Saved entries:
━━━━

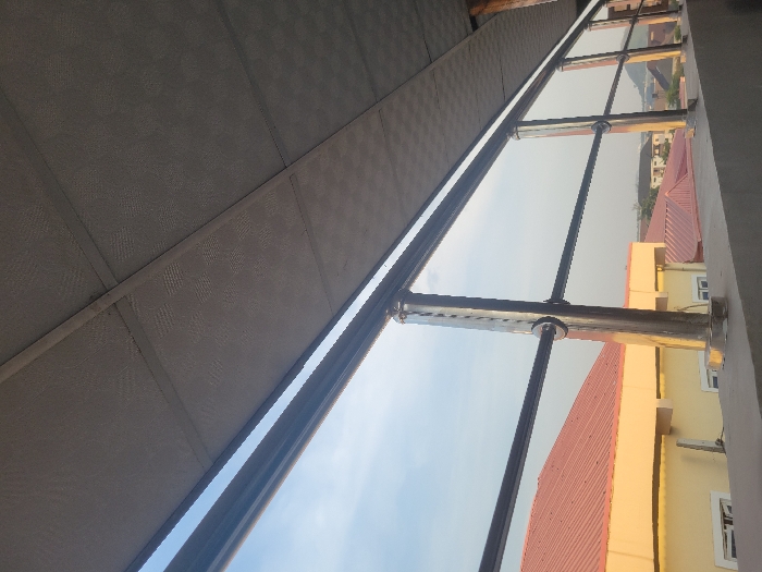 The image captures an exterior view from an elevated position, likely a balcony or covered walkway, located in the city of Unknown, Unknown
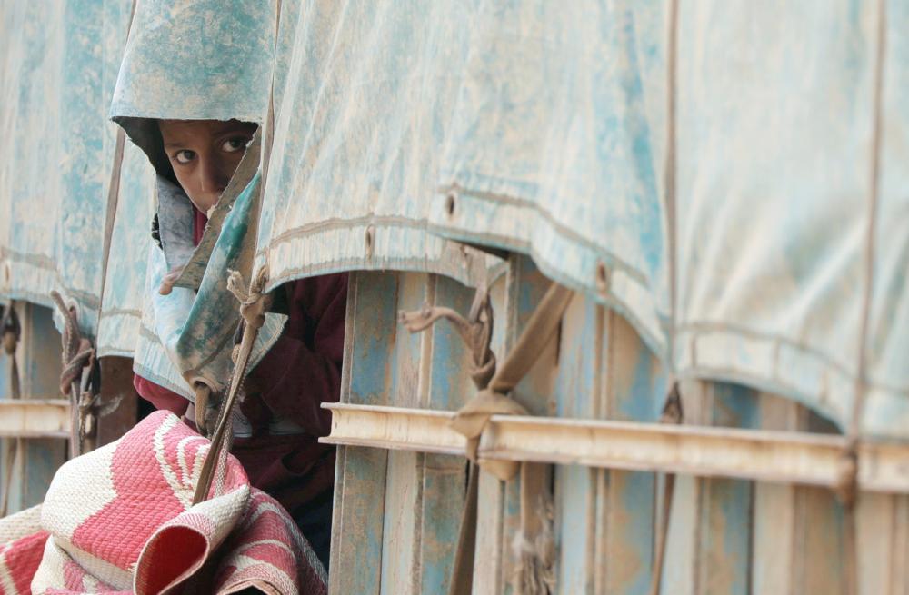 طفل سوري في شاحنة لنقله من الباغوز إلى أحد مخيمات النازحين. (رويترز)
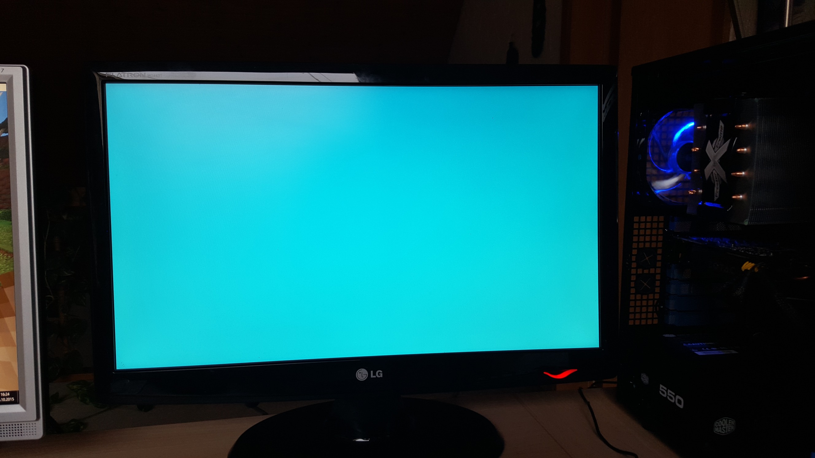 Jetzt kommt es zunächst zu dem beigefügten seltsamen Bild, dann wird der Bildschirm nur türkis.
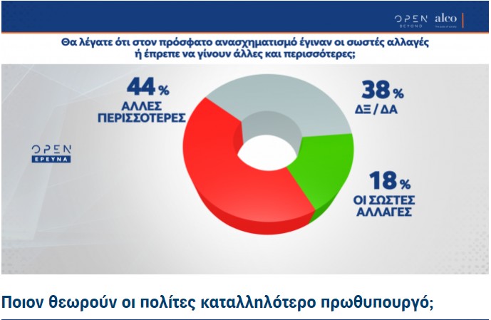 Το 44% των πολιτών κρίνουν ότι στον πρόσφατο ανασχηματισμό έπρεπε να γίνουν άλλες και περισσότερες αλλαγές, ενώ το 18% κρίνει ότι αυτές που έγιναν ήταν οι σωστές.
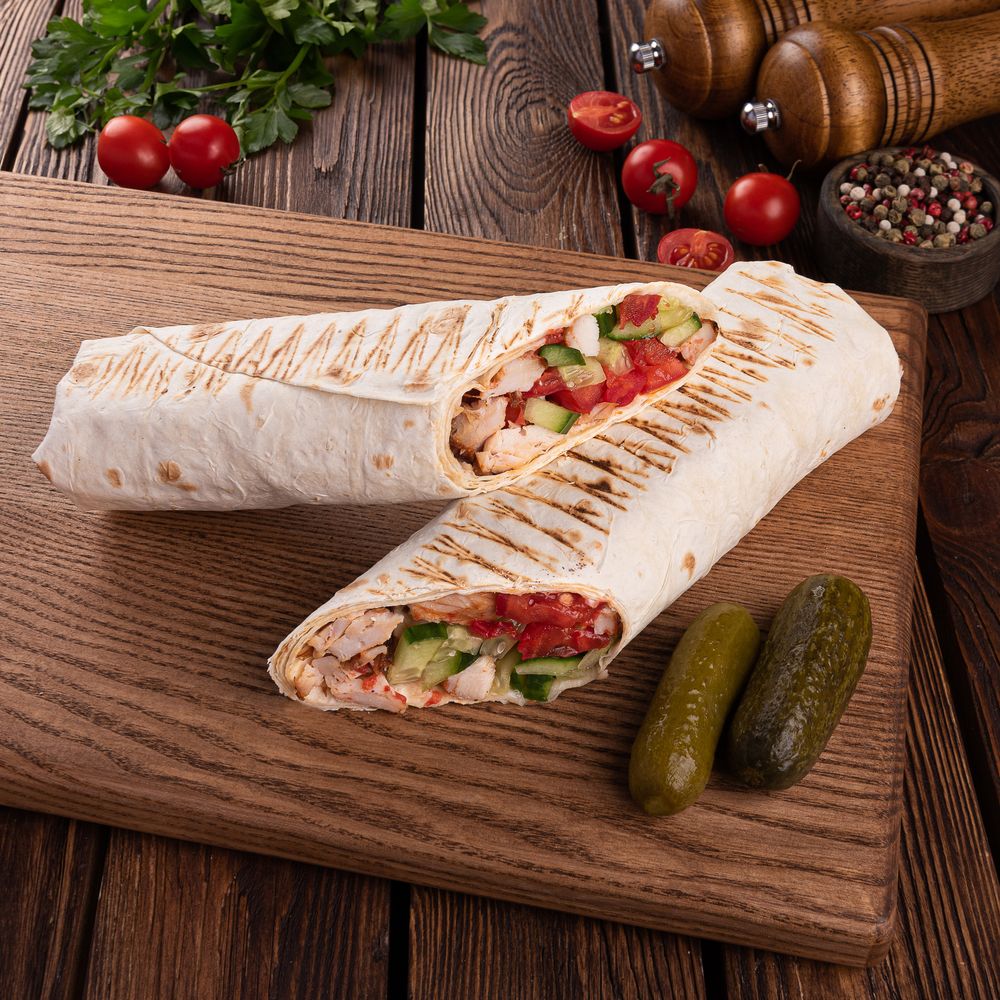 Хрустящий лаваш, сочное куриное филе приготовленное на мангале, вкусный маринованный огурчик, Фирменный соус, свежий огурец, помидоры и красный лучок
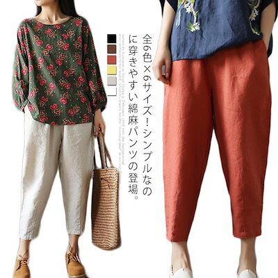 綿麻カジュアルパンツ レディース サルエルパンツ クロップドパンツ アンクルパンツ サルエル カジュアルパンツ 綿麻 ゆったり 体型
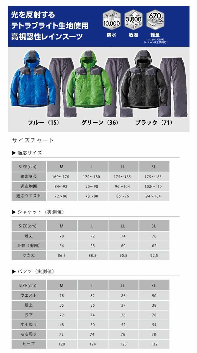 | 特徴 | 夜間も安心。テトラブライト生地使用の高視認性レインウェア。 再帰反射プリントが施されたテトラプライト生地を肩、脇、パンツ脇に使用。 夜間、車のライト等を反射し、高い視認性・安全性を確保します。 モーションガゼット搭載で、動きやすさ、快適さも兼ね備えています。 ■メッシュ裏地 ■ジャケット両脇ベルクロ式ポケット ■収納袋付き ■格納式フード ■アジャスト袖 透湿度3,000g/m2・24h |
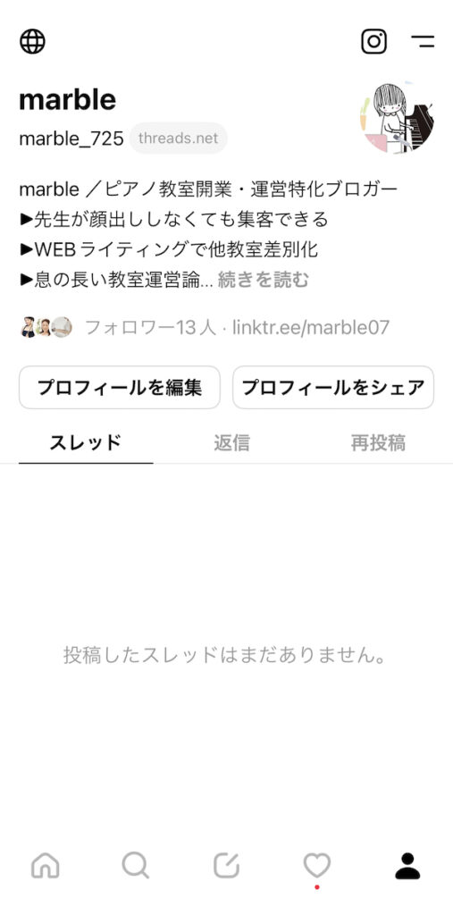 ちなみに私のThreads。リリースされてすぐ入れました。もうすでにお使いの先生がけっこういますよ!このアカウントは教室アカウントではないので運用方法を考え中につき投稿はまだありません笑
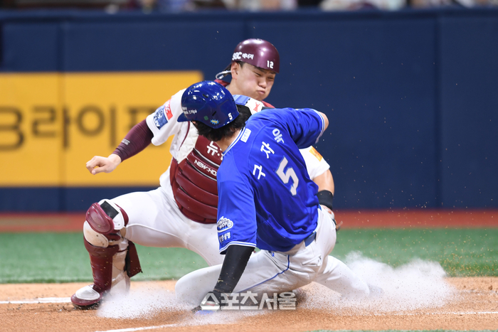 삼성 구자욱이 29일 고척 스카이돔에서 열린 2024 KBO리그 키움과 경기 3회초 2사2루 디아즈 우전안타 때 홈으로 파고들었지만 아웃되고 있다. 상대 포수는 김건희.

━━━━

Exercise: Please quote exactly the run of lines that starts the entries and ends at the line containing "綿麻カジュアルパンツ レディース サルエルパンツ", leaving out every picture.

Written reply:
 The image captures an exterior view from an elevated position, likely a balcony or covered walkway, located in the city of Unknown, Unknown
 طفل سوري في شاحنة لنقله من الباغوز إلى أحد مخيمات النازحين. (رويترز)
 Jetzt kommt es zunächst zu dem beigefügten seltsamen Bild, dann wird der Bildschirm nur türkis.
 Το 44% των πολιτών κρίνουν ότι στον πρόσφατο ανασχηματισμό έπρεπε να γίνουν άλλες και περισσότερες αλλαγές, ενώ το 18% κρίνει ότι αυτές που έγιναν ήταν οι σωστές.
 Хрустящий лаваш, сочное куриное филе приготовленное на мангале, вкусный маринованный огурчик, Фирменный соус, свежий огурец, помидоры и красный лучок
 綿麻カジュアルパンツ レディース サルエルパンツ クロップドパンツ アンクルパンツ サルエル カジュアルパンツ 綿麻 ゆったり 体型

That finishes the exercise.